7. No borrower W-9 or §6050H reporting data
A holder receiving $600 or more in mortgage interest in the course of a trade or business runs the Form 1098 reporting requirement under §6050H. The reporting runs the borrower’s name, the borrower’s taxpayer identification number on the Form W-9, and the property address. A holder who skips the W-9 at boarding runs into the §6721 and §6722 penalty cycle on the first year-end. The boarding step runs the W-9 request to the borrower at closing or within thirty days of boarding.
Related Topics
- The 10-Document Stack for Every New Seller Carry
- Why Seller Carry Notes Without Servicing History Sell at a Discount
- Power of Sale Foreclosure on a Seller Carry
- Why You Should Never Accept Direct Payments on a Seller Carry
- Why Self-Servicing a Seller Carry Is the Most Expensive Mistake
This article is educational and does not constitute legal advice. A new seller-carry note involves federal IRS reporting requirements under 26 U.S.C. §6050H; federal Regulation X under the Real Estate Settlement Procedures Act on residential consumer-purpose notes; federal Regulation Z under the Truth in Lending Act; the National Flood Insurance Program framework on properties in Special Flood Hazard Areas; the Uniform Commercial Code Article 3 framework on negotiable instruments; and state recordation and licensing rules that vary by jurisdiction. Consult qualified legal counsel on the document requirements that apply to any specific seller-carry transaction.
Sources
- Internal Revenue Code, 26 U.S.C. §6050H — Mortgage interest reporting. Cornell Legal Information Institute.

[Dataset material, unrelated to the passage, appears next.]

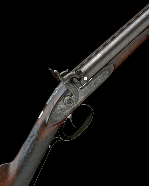 A CASED 14-BORE PERCUSSION DOUBLE-BARRELLED SPORTING GUN WITH BARRELS BY THOMAS BOSS, serial no. 772,
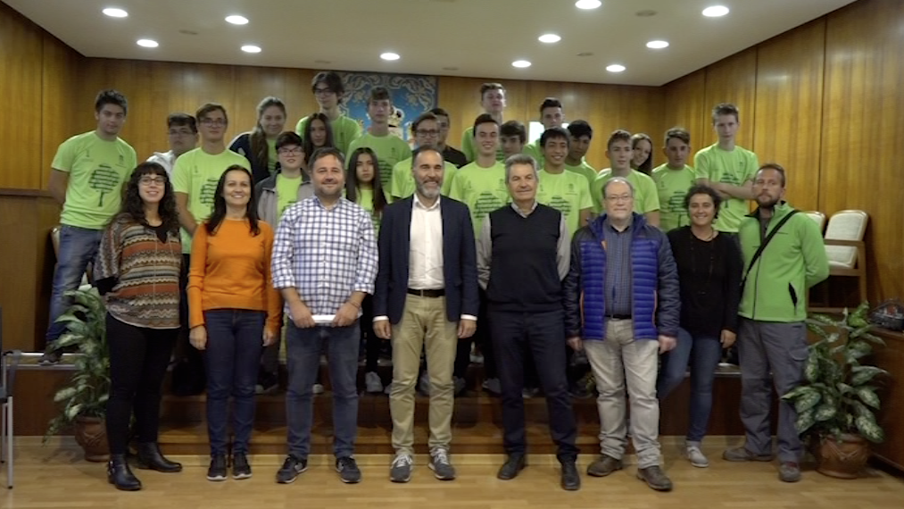 Alumnes d’FP Bàsica en la signatura del conveni amb l’Ajuntament

- IRS — Form 1098 instructions. Internal Revenue Service.
- Real Estate Settlement Procedures Act, 12 U.S.C. §2601 et seq. Cornell Legal Information Institute.
- Regulation X, 12 C.F.R. §1024.17 — Escrow accounts. Consumer Financial Protection Bureau.
- Regulation X, 12 C.F.R. §1024.33 — Mortgage servicing transfers. Consumer Financial Protection Bureau.
- Uniform Commercial Code, Article 3 — Negotiable instruments. Cornell Legal Information Institute.
- National Flood Insurance Program — FEMA. Federal Emergency Management Agency.